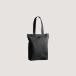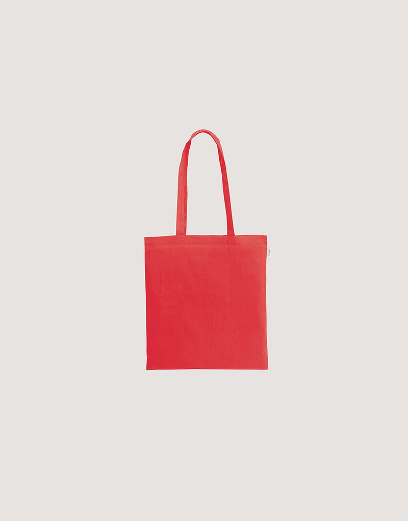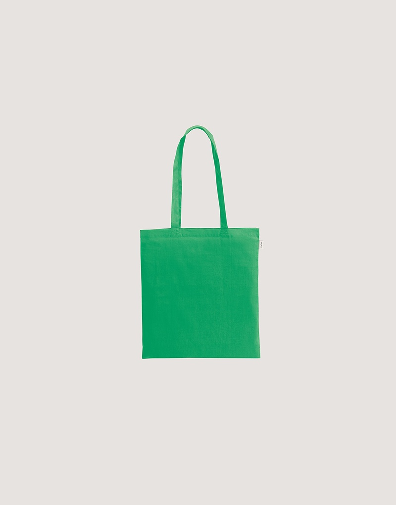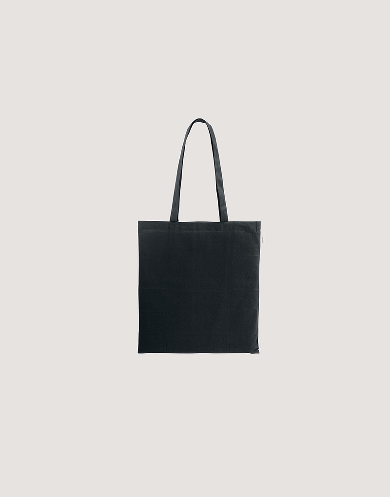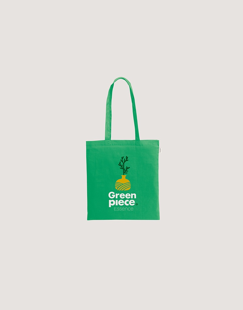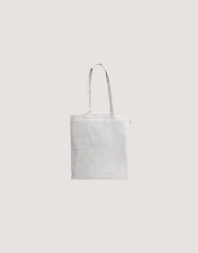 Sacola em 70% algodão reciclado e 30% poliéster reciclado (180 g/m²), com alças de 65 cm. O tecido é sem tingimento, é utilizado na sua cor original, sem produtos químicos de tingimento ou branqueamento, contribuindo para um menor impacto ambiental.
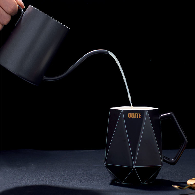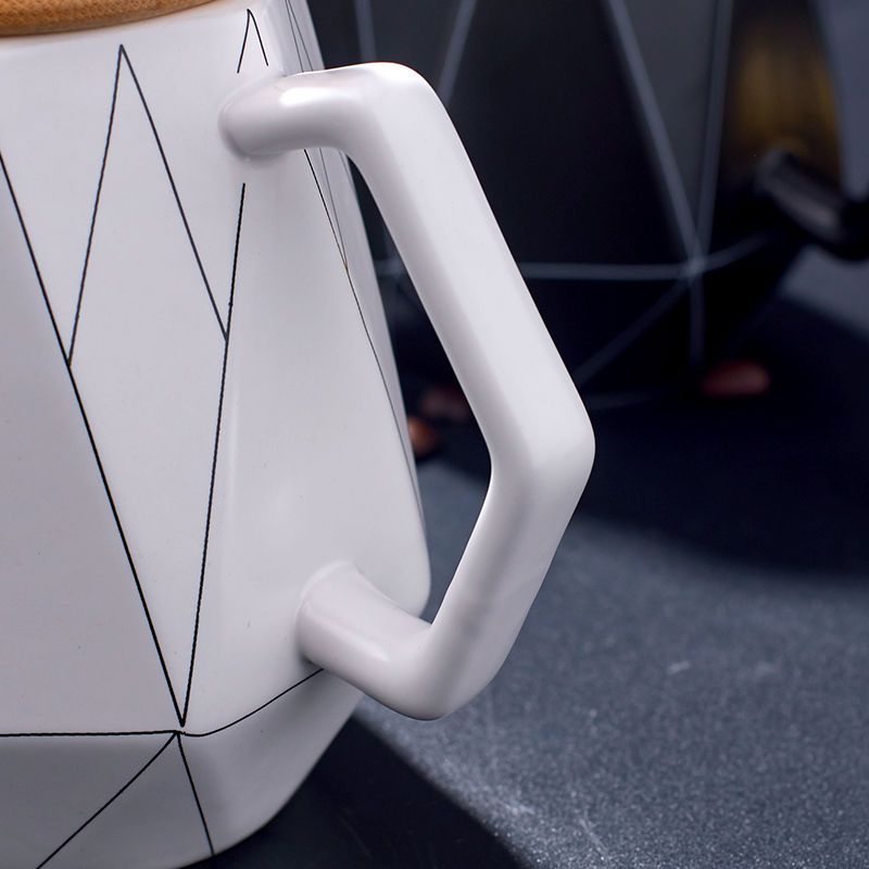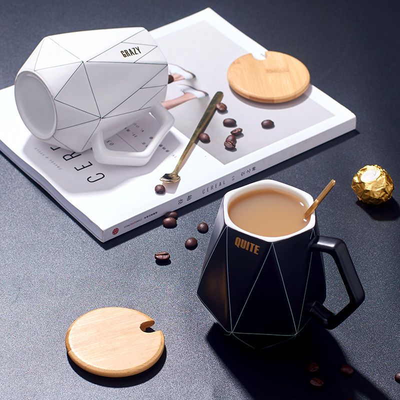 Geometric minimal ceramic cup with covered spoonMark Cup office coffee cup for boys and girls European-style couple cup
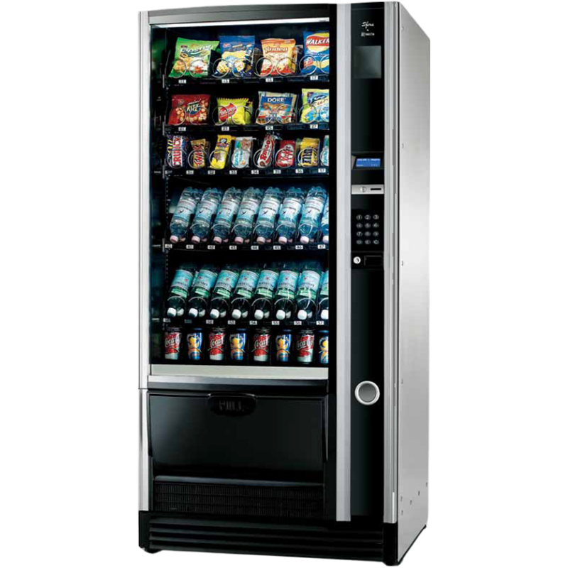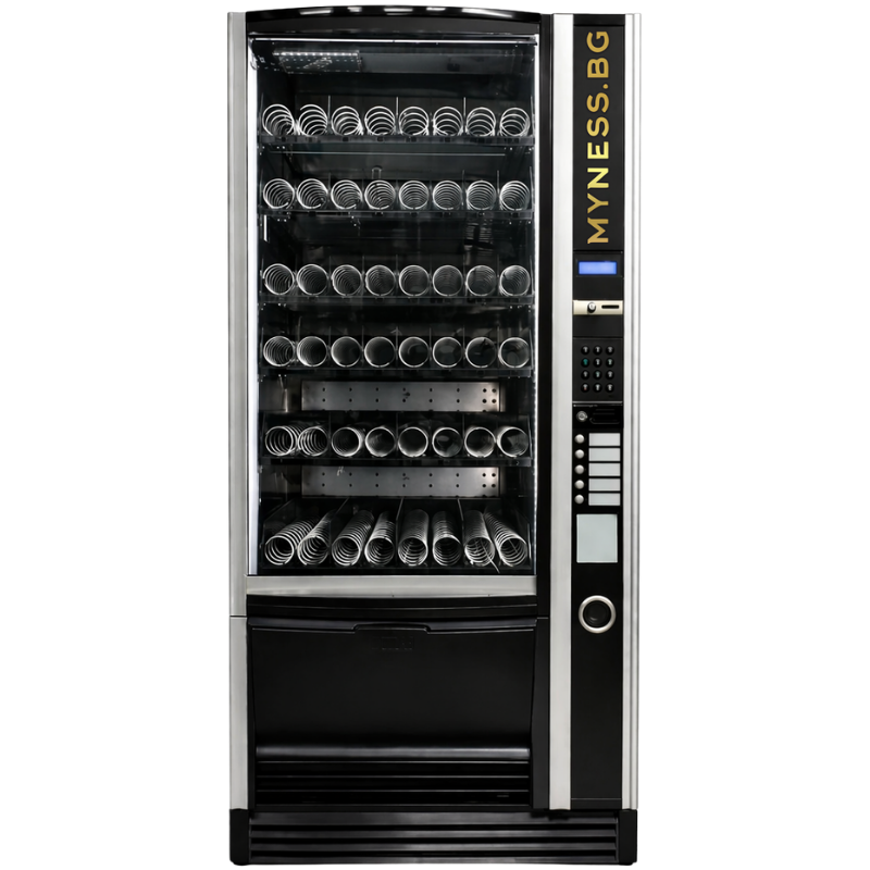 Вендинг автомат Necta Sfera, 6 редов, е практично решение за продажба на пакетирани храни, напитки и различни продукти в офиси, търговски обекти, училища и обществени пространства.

^^^^

= Work order =
The whole listing above, minus its pictures, is what you should write out word for word.

= Output for this task =
 Sacola em 70% algodão reciclado e 30% poliéster reciclado (180 g/m²), com alças de 65 cm. O tecido é sem tingimento, é utilizado na sua cor original, sem produtos químicos de tingimento ou branqueamento, contribuindo para um menor impacto ambiental.
 Geometric minimal ceramic cup with covered spoonMark Cup office coffee cup for boys and girls European-style couple cup
 Вендинг автомат Necta Sfera, 6 редов, е практично решение за продажба на пакетирани храни, напитки и различни продукти в офиси, търговски обекти, училища и обществени пространства.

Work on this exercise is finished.